His real name is Kevin. But in his world, Kevin is irrelevant.
The "Hotguy" lifestyle is not, as his detractors assume, a shallow pursuit of thirst traps and sponsored protein powder. It is a rigorous spiritual discipline. His loft, a converted pickle factory in a gentrifying pocket of Atlanta, is a temple to minimalist hedonism. The only furniture is a floor mattress (organic shredded latex, $4,200), a single ceramic mug (thrown by a blind monk in Kyoto), and a ring light that retracts into the ceiling like a James Bond gadget.
He didn’t flinch. He poured her a cup of mushroom tea (reishi, not psychedelic—he’s not a monster). Then he said this: hotguysfuck dharma
His followers don’t just want fitness. They want sermons .

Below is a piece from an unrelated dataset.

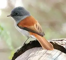 - Terpsiphone bourbonnensis (zoizo la Vierge, ou terpsiphone de Bourbon), endémique de La Réunion et de Maurice

Critics call him a grifter. They say you can’t sell $89 “Karma Candles” (scent: Sandalwood and Ambition ) and claim detachment from material wealth. They say a man who does bicep curls while reciting the Heart Sutra has missed the point entirely. His real name is Kevin
The man known to 2.4 million followers as @HotguyDharma does not own an alarm clock. He wakes at 5:17 AM each morning because the stray cat who lives on his fire escape—a mangy, one-eared tabby named Bodhi—begins softly tapping the glass with one paw. This, he believes, is karma . Not the cosmic payback kind, but the simple, elegant mechanics of cause and effect: he fed Bodhi once, and now Bodhi delivers enlightenment before sunrise.
Then he glances at his phone. One notification glows: a new comment on his Cold Plunge post. It is a rigorous spiritual discipline
Kevin—Hotguy Dharma—has a response, though he rarely gives it directly. Instead, he invites the critics to his weekend retreat, “Sweat Your Samsara.” For $1,200, attendees do hot yoga in a warehouse while listening to lo-fi remixes of Buddhist chants. At night, they sit around a fire pit. A guest last fall, a journalism student named Mira, asked him the hard question: “Isn’t this all just spiritual capitalism with better abs?”